Return of the Stats Project
It’s been almost exactly a year since I started this blog and my statistics project. Life got in the way and I had to put this on the backburner (whoops). But I’m back and ready to kick some multivariate ass!
Last time I had identified my data source, the ESS, and had some ideas about how to proceed, if only I could get the data into Excel. A very helpful person commented on my post (blog?) saying that I could directly download the ESS datasets as an Excel spreadsheet. At the time I don’t think I was able to download the ESS Round 8 as a CSV file (I think you can now) so I settled for the ESS Round 7.
For my analysis I decided to use the work of Daniel Oesch, a political sociologist, to try and investigate the effects of class on voting behaviour in the UK (the 2010 general election to be precise). I was already familiar with Oesch’s unique class schema, but coding the ESS data into something workable seemed like quite the daunting task. Fortunately Oesch had some material on his website which allowed me to easily convert the ESS data (in ISCO format) into 8 different classes. Thanks!
With my goal in mind, I set about cleaning the dataset into something usable. I was only interested in a handful of variables: gender, age, education, public sector employment, class (defined by Oesch’s schema), and voting record. Using these variables I could keep my work as closely comparable to Oesch’s as possible and avoid making too many mistakes. My hope was that I could easily compare my results to his.

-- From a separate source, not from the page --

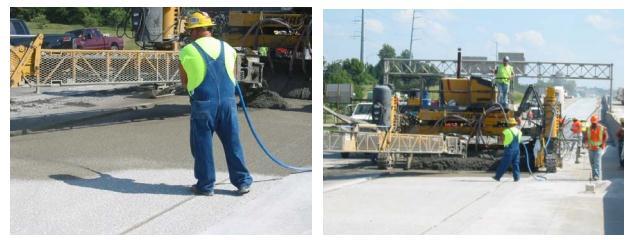 Concretecuring–Acuringcompoundwasusedandappliedatahigherratethattypicallyusedfornewconcrete pavementconstruction.

Many of the ESS responses had no data available for the variables I was going to investigate. Eventually my sample size had been reduced from 2265 to 735. The biggest culprit here was probably voter turnout. One third of my data was unusable as I was only interested in people who had actually voted. I knew this was a problem at the time, but only realised how big it was when I reached the end of my regression. I’ve got more to say on this but I will save it for another, more exciting, blog post! Wowee.
I began by looking at the probability of voting Conservative. I needed to use a logistic regression since my dependent variable (regressand) was a binary variable. Using a linear regression would have produced some pretty strange results. My regressors were also all binary variables, so I was mindful not to fall into the dummy variable trap. Finding a way to do a logistic regression in Excel without paying a fortune was a little difficult, but I overcame this minor hurdle and was finally ready to press the big red button.

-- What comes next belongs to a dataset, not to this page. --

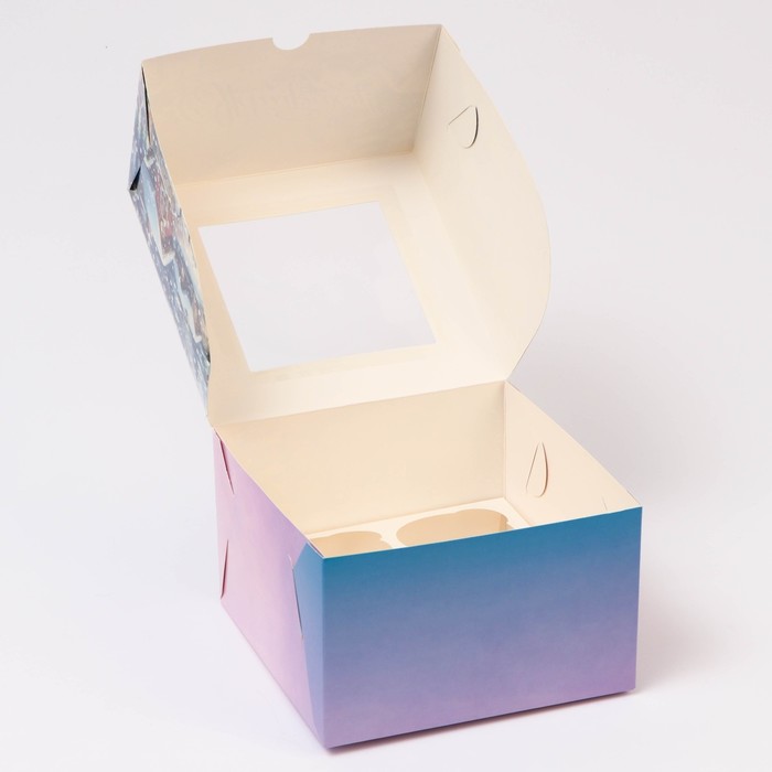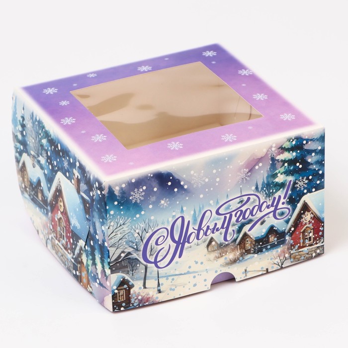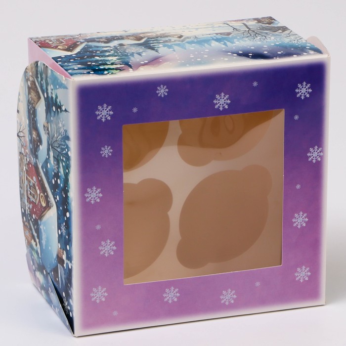 Коробка для 4 капкейка с окном «Зимняя деревушка», 16×16×10 см, упаковка

When I initially chose to use ESS data I noted that they had sampling weights. At the time I thought this was great. I have since learned that there is a lot of disagreement and confusion about when it is appropriate to use weights, and that they can make results less reliable. On top of this, I was unsure if I was using the weights in my regression correctly. So I performed an unweighted regression and a weighted regression to see if the results were much different. I’ll come back to this next time.
With the results in front of me, I needed to know if the coefficients were significant to any degree. A handful of Wald tests later and … oh dear. In the unweighted analysis, only the coefficient on public sector employment was significant. In the weighted analysis, this remained significant, but the coefficients on vocational secondary employment and managers were weakly significant. These results were disappointing and I decided not to continue any more analysis on my data as my sample sadly seemed too small to obtain any significant results.
Full results below:
|Small business owners||1.48||1.92|
|Compulsory or incomplete schooling (reference)|
|Post-secondary, but no tertiary degree||0.68||0.73|
These figures are the odds ratios of the chance of voting for the Conservative party in the UK 2010 general election against not voting for them, with respect to the reference categories. *** Significant at the 0.001 level; ** at the 0.01 level; * at the 0.05 level. Data source: European Social Survey Round 7.
That table looked a lot nicer in Word!
These two charts show the standardised coefficients with their 95% confidence intervals. I’ve shaded the significant results in green. I’m aware some of the labels are a hard to read and the images are blurry.
I also had a little look at trying to represent the results graphically on the advice of a friend. That seemed to be more trouble than it was worth in this case and at this time. I might come back to that at a later date.
A Sad Conclusion
So my first regression didn’t go quite as planned. I had some problems with my sample size, I’m still not sure if I was using the sampling weights correctly, and I’m not as familiar with logistic regressions as I would like. But I’m not going to give up. I plan on writing another post about some of the specific issues I had, and possible solutions to them. Then I’m going to try and do some nice easy linear regressions. We can all breathe a sigh of relief.